A small worked example
Suppose date_raw mixes formats. Work in passes, each on a facet of one style:
- Text-facet
date_rawto see the distinct shapes. - For rows like
4 July 1850, applytoDate(value,"d MMMM yyyy").toString("yyyy-MM-dd"). - For
04/07/1850, applytoDate(value,"dd/MM/yyyy").toString("yyyy-MM-dd"). - For bare years, copy them through unchanged (already valid as
YYYY). - Facet
date_normby error or blank to find the rows no pass handled, and treat those by hand.
Working in passes beats one giant expression because each format is explicit and auditable.
How do you represent uncertainty?
ISO 8601 has no native "circa". Two pragmatic approaches:
| Source says | date_norm | date_start | date_end | flag |
|---|---|---|---|---|
1850 | 1850 | 1850-01-01 | 1850-12-31 | year |
circa 1850 | 1850 | 1845-01-01 | 1855-12-31 | circa |
19th century | (blank) | 1800-01-01 | 1899-12-31 | century |
before 1340 | (blank) | (blank) | 1340-12-31 | before |
A start/end pair captures the range a single field cannot.
What about calendar changes?
Dates before the Gregorian reform of 1582 (and later in some countries) sit in the Julian calendar, which differs from Gregorian by ten or more days. Do not silently convert. Keep date_raw verbatim, add a calendar column noting Julian or Gregorian, and document any conversion you make. Transparency matters more than a tidy single column.
Key Takeaways
- Normalise to ISO 8601 (
YYYY-MM-DD,YYYY-MM,YYYY) so dates sort and filter reliably. - Always keep the original date text in its own column; never overwrite it.
- Pass an explicit format to
toDate()to stop day/month swaps on numeric dates. - Clean in per-format passes using facets rather than one fragile mega-expression.
- Represent uncertainty with a start/end range and a flag, not a falsely precise single value.
- Record the calendar (Julian or Gregorian) for early dates and document any conversion.
Frequently Asked Questions
What does normalising a date actually mean?

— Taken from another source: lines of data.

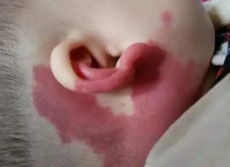 还有部分婴儿的红色胎记可能是葡萄酒色斑,与鲜红斑痣类似,但颜色更深,呈紫红色,且面积可能较大,常出现在面部,可能会随着宝宝年龄的增长而逐渐增厚、出现结节。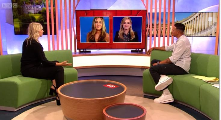 Τότε ο Jermaine Jenas, την διακόπτει για να κάνει μια ερώτηση στην Witherspoon, στην οποία αφήνει υπονοούμενα ότι η Aniston δεν αρέσκεται στο να ξυπνάει το πρωί.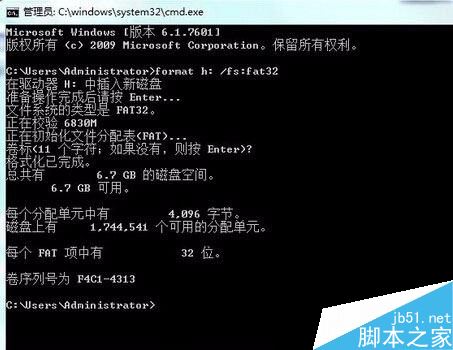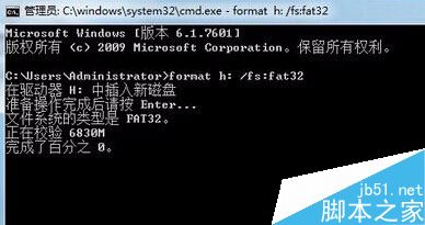 2、在打开的命令窗口中,输入“format g: /fs:fat32”(g为u盘磁盘盘符),回车确认进入下一步操作,如图:
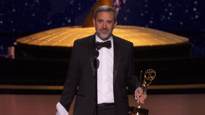 Eric Kissack from The Studio accepts the Emmy for Picture Editing For A Single-Camera Comedy Series at the 2025 Creative Arts Emmy Awards.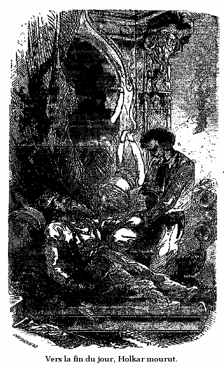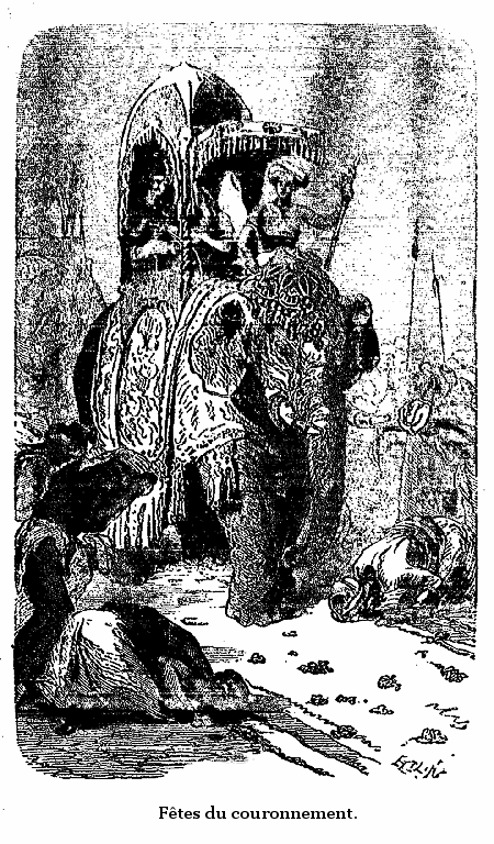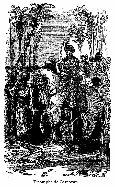 Tous deux, montés sur l'éléphant Scindiah, vêtus d'habits d'or et d'argent, ornés de diamants et de pierreries d'une valeur inestimable, s'avançaient majestueusement dans la foule prosternée qui admirait la jeunesse, la force et le génie de Corcoran et l'incomparable et douce beauté de Sita, quand ils eurent, suivis de tous les députés du peuple, rendu hommage dans la grande pagode de Bhagavapour au resplendissant Indra, l'Être des êtres, père des dieux et des hommes, ils revinrent en grande pompe vers le palais où Corcoran s'assit sur son trône, ayant à ses côtés la fille d'Holkar et en face de lui l'assemblée.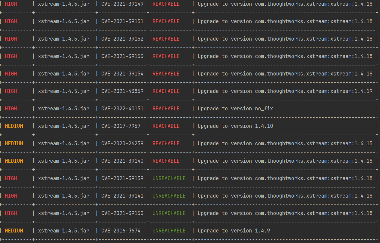 If results are exported to .json format, the CLI will export the information regarding the findings, including the reachability information for each finding, to a .json file.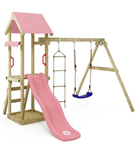 Wickey - tour de jeux en bois TinyCabin avec balançoire et toboggan, tour d'escalade avec bac à sable, échelle et accessoires de jeu – rose pastel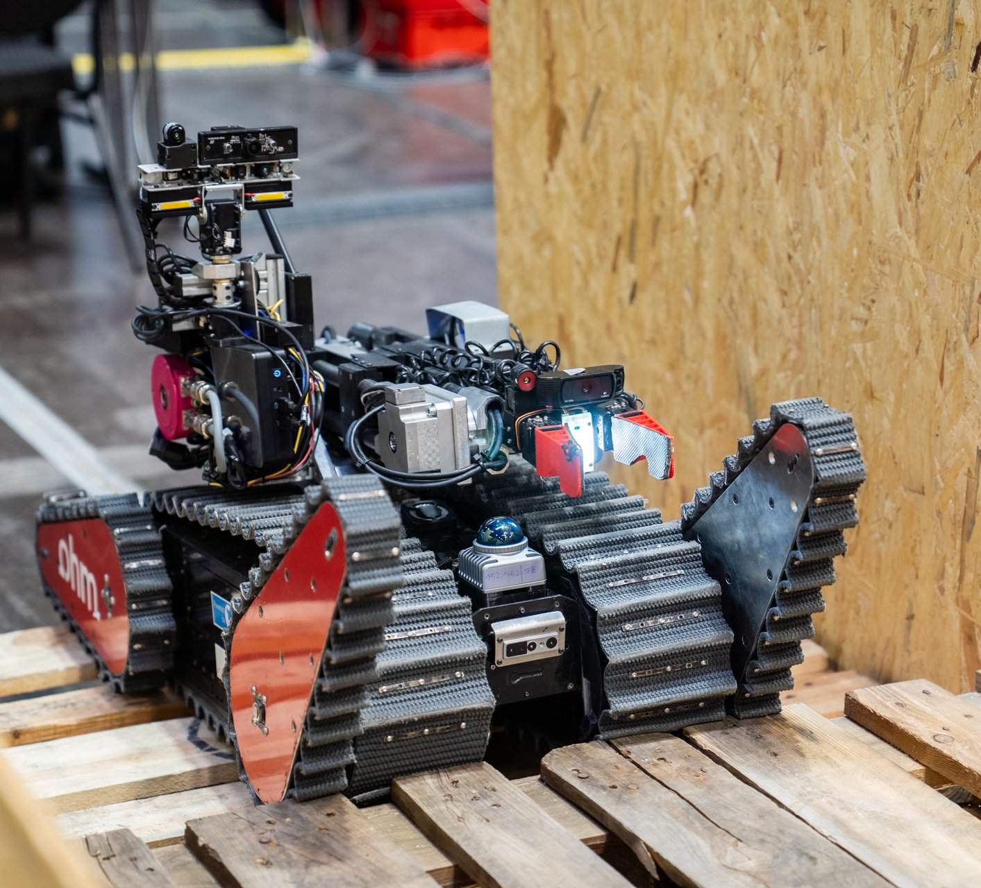 The robots have to find survivors and create maps in a recreated disaster scenario. They mostly move on tracks and are equipped with a variety of sensors, such as laser scanners and thermal cameras. The intuitive control interface for the tele-operator is important.

It means rewriting dates in many human formats into one consistent machine-readable form, usually ISO 8601 (YYYY-MM-DD). A normalised column can be sorted, filtered by range and compared reliably, which mixed free-text dates cannot.
How do I keep an approximate or uncertain date?
Keep the original text in one column and add a separate normalised column for the best machine value, plus a flag column noting the uncertainty. Never overwrite circa or before/after information just to fit a single format.
Why do my dates come out with the wrong month?
Because OpenRefine's toDate guessed a US month-day order. Always pass the format explicitly, for example toDate(value, 'dd/MM/yyyy'), so a value like 03/04/1850 parses as the day you intend.
How should I handle year-only or century dates?
Store the year alone as YYYY, or use a start and end column to express a range such as 1800 to 1899 for the nineteenth century. ISO 8601 does not represent fuzziness, so a range pair is the practical solution.
What about dates before 1582 and calendar changes?
Record which calendar the source uses, because the switch from Julian to Gregorian shifts dates by several days. Keep the original verbatim and note the calendar; do not silently convert without documenting it.
Should I store dates as text or as OpenRefine date objects?
For most archival work store them as ISO 8601 text, which survives export to CSV cleanly. Use true date objects only when you need OpenRefine's timeline facet, then convert back to text before exporting.